A la suite de Wittgenstein, Kagame avait compris que « le
langage est une peinture de la réalité » (L. WITTIGENSTEIN, 1976, p.
33.). La dynamique du langage est une expression d’un rapport entre
l’homme et l’univers, une réflexion sur le réel.
Notre auteur avait compris avec Staline, selon le commentaire
de Gadet, que la « langue est un moyen, un instrument de
communication entre les hommes et qu’elle est directement liée à la
pensée dont elle enregistre et fixe les résultats du travail » (F.

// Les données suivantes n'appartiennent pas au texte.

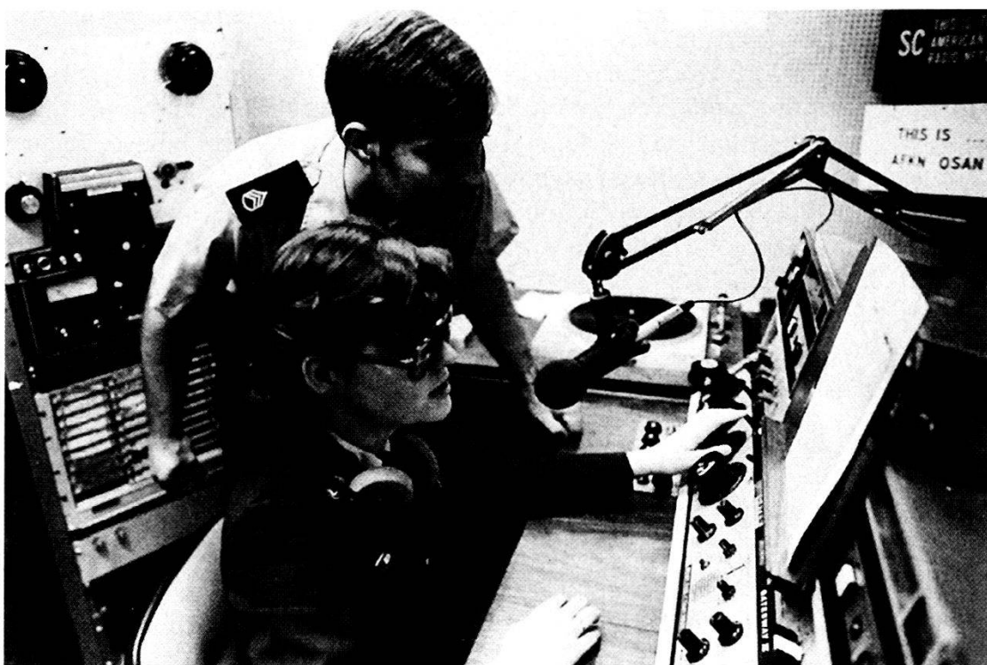
La capacità di utilizzo dei moderni sistemi di comunicazione si ottiene con la partecipazione ad un apposito corso basico radiotelevisivo.

Il Generale Eisenhower, Comandante supremo alleato, proprio la sera precedente allo sbarco sulle coste normanne, il 5 giugno di quarant'anni fa, parlò a lungo con i diversi corrispondenti di guerra, civili e militari accreditati presso il suo comando, sottolineando il ruolo sempre più importante che la stampa e la comunicazione hanno in una società democratica soprattutto quando essa è impegnata in sfide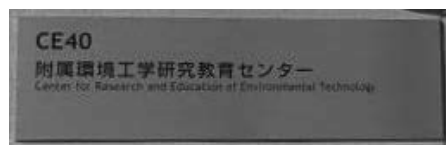
附属環境工学研究教育センター（CE40棟）外観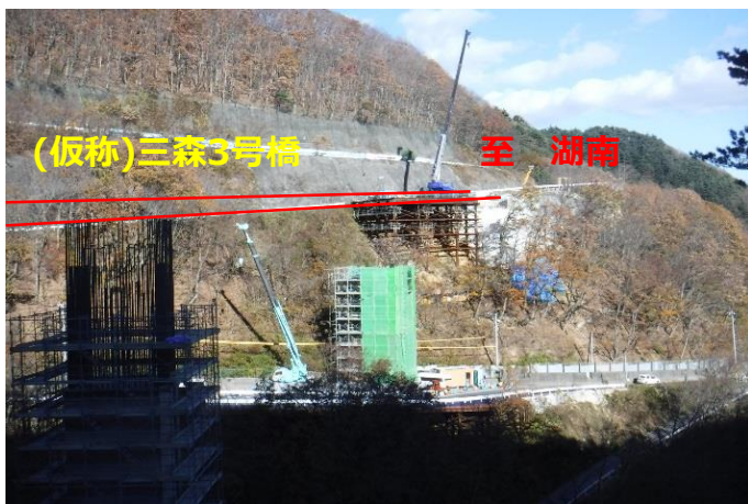
(仮称)三森3号橋 至 湖南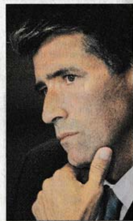
Vicepresidente Raúl Sendic.

lo hice. Me perjudica, pero tengo la tranquilidad de la verdad", declaró, y consideró que ahora se siente "mucho más tranquilo" respecto al tema.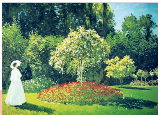
Клод Моне. Дама в саду Сент-Адресс

Диалог — разговор, обмен высказываниями и мыслями.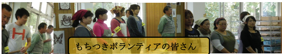
もちつきボランティアの皆さん

GADET, juin 1977, pp. 56-61.). Ceci signifie que la langue étant un
symbole, elle ne fait pas seulement appel à l’interprétation, mais
aussi à une véritable réflexion philosophique. Donc, la langue est
imprégnée de philosophie, c’est-à-dire elle véhicule des idées, elle
est la sagesse parlée, l’expression de la pensée et de sentiment. En ce
sens, Heidegger considère le langage comme maison de l’être, A.
Kagame s’était rendu compte que le langage est manifestation et
source nourricière de l’existence d’un être. Son intérêt philosophique
consiste dans une purification à l’égard des habitudes sociales qui
masquaient l’essentiel, et entreprendre une purification semblable du
phénomène langage pour qu’en fait soit mise à nu la pensée de tout
un peuple. Qu’on est-il de l’ontologie comme science des êtres chef
KAGAME.
1.2.1. Les Quatre Catégories de l’être dans la Pensée Bantu selon
Kagame
L’analyse de l’ontologie de Kagame consiste à expliciter les
instances linguistiques fondamentales et particulières de l’univers
notamment des existants sans intelligence, de l’existant
d’intelligence et du préexistant. Sans se préoccuper de l’étude du
préexistant, entant que première cause des existants ; il convient
d’analyser les quatre catégories de l’être, à savoir le Muntu ou être
intelligent, le Kintu ou être chose, le Hantu ou l’existant localisateur
(le lieu et le temps) et Kuntu ou être modal.
1.2.1.1. Le « Muntu » ou être-avec-intelligence
L’homme est un animal supérieur formé d’un double principe
vital dont il importe de déterminer la nature : le principe vital, à
savoir l’ombre propre l’animalité et le principe d’intelligence.